The Truffle Hunters

This documentary follows grumpy old men and their dogs but scratch beneath the surface and you find... truffles.

The Truffle Hunters is highly recommended viewing. It documents the hunt for an enigmatic underground delicacy that only the uncanny nose of a trained dog can detect.

Sometimes the camera acts as a fly on the wall, catching quotidian conversations between these grizzled men and their terriers and labs. Other times it shows the dog's point of view as it leaps from the truck and scurries through the beautiful North Italian undergrowth, frenetically pawing for lumps of subterranean fungus.

Some forage for their own table, others to sell. The market is lucrative and comes with its own ecosystem of middlemen, appraisers, sellers, and consumers.

This unleashes dark forces: dogs poisoned with strychnine, suspicion and hostility amongst old acquaintances, turf wars and temptations.

It reminded me of another documentary—Taming The Garden. This darker film documents a billionaire's vanity project to populate his garden with the most stately trees from all over Georgia. Contractors scout, stalk, dig, scaffold, uproot, raise, and transfer them one by one.

The film's most striking visual shows a beautiful tree in all its arboreal glory rising above what appears to be an ocean. It's actually a lake, and the tree is being transported on a flatbed shipping container to its new home in the billionaire's private forest.

Crimson Gold

A schizophrenic pizza delivery man —played by real-life schizophrenic pizza delivery man Hussein Emadeddin —encounters the inequities of life in Iran during his delivery runs. There is no blood in the movie—spoiler alert: what initially appears as blood in the bathroom is nail polish—but the violence is palpable until it finally boils over.

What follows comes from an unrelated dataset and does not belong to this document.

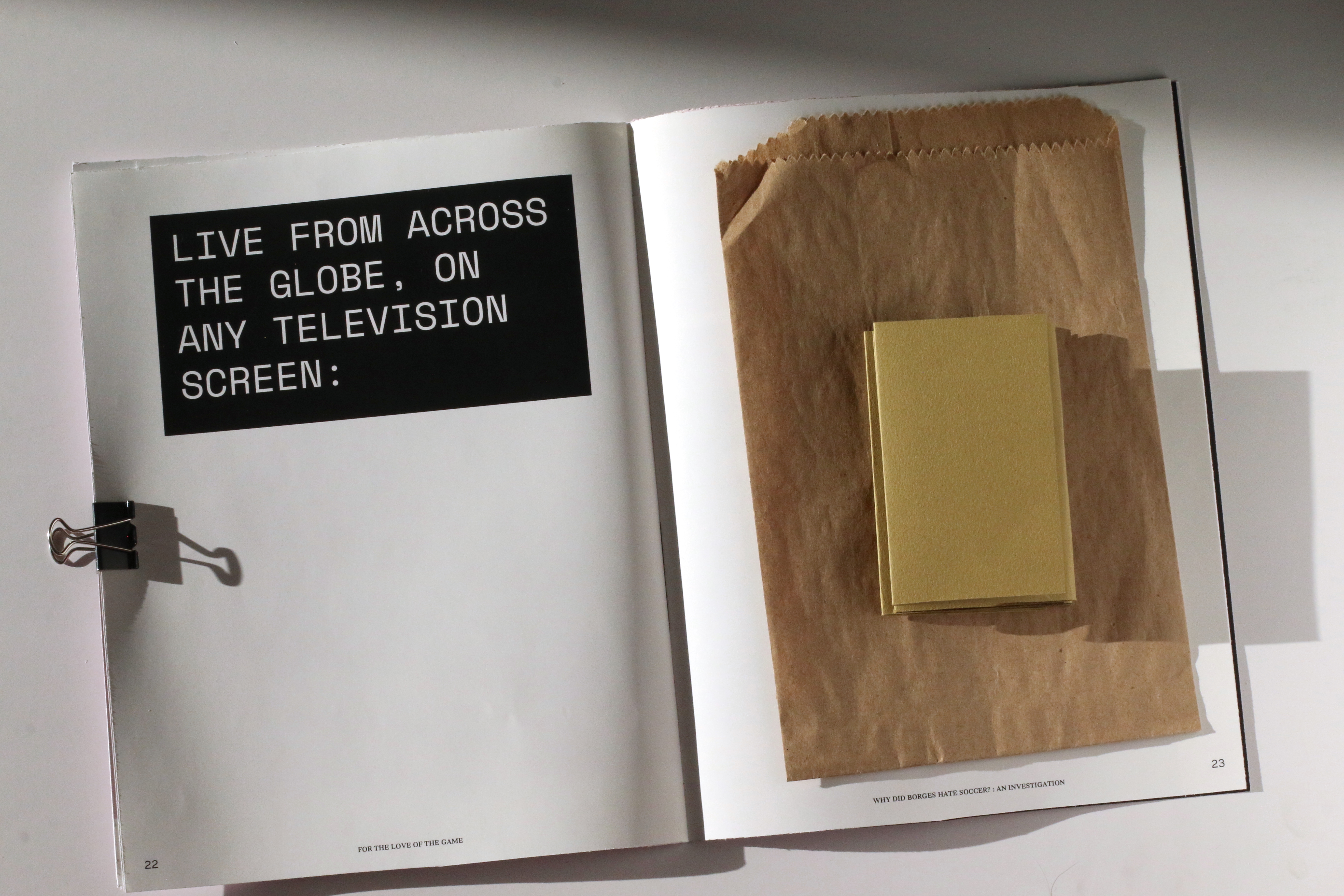 A three part book titled “For the Love of the Game” exploring the wacky, absurd world of football. The most widely played sport in the world has everything: devotion, fandom, and sweet sweet merch.

Deemed unfit for Iranian theaters, it's another great, groundbreaking polemic from a country whose cinema never ceases to intrigue, fascinate, and entertain.

Leviathan

Andrey Zvyagintsev's Leviathan follows an ordinary man fighting off foes and so-called friends who covet what he has: a beautiful wife and waterfront property. On a deeper level, it's the story of all ordinary people buffeted and victimized by forces beyond their control. The leviathan could be the State as in Hobbes's eponymous treatise, or the Biblical creature rich in symbolism.

A beautiful, satisfying film with great acting, stunning locale, pathos, and humor—never a dull moment.

About Elly

A group of middle-class friends go on a beach outing. Elly, a young woman unrelated to the group, has been invited by one of them for prospective matchmaking. When Elly disappears, presumably drowned, facts about her past emerge that raise disturbing questions, causing acrimony and soul-searching among the friends.

The Salesman

Asghar Farhadi's The Salesman follows a couple who move into an apartment still containing the former tenant's belongings. One day the wife is attacked in the bathroom by someone who apparently came for the previous occupant. In his haste, he leaves behind keys to his pickup truck, which is found parked nearby.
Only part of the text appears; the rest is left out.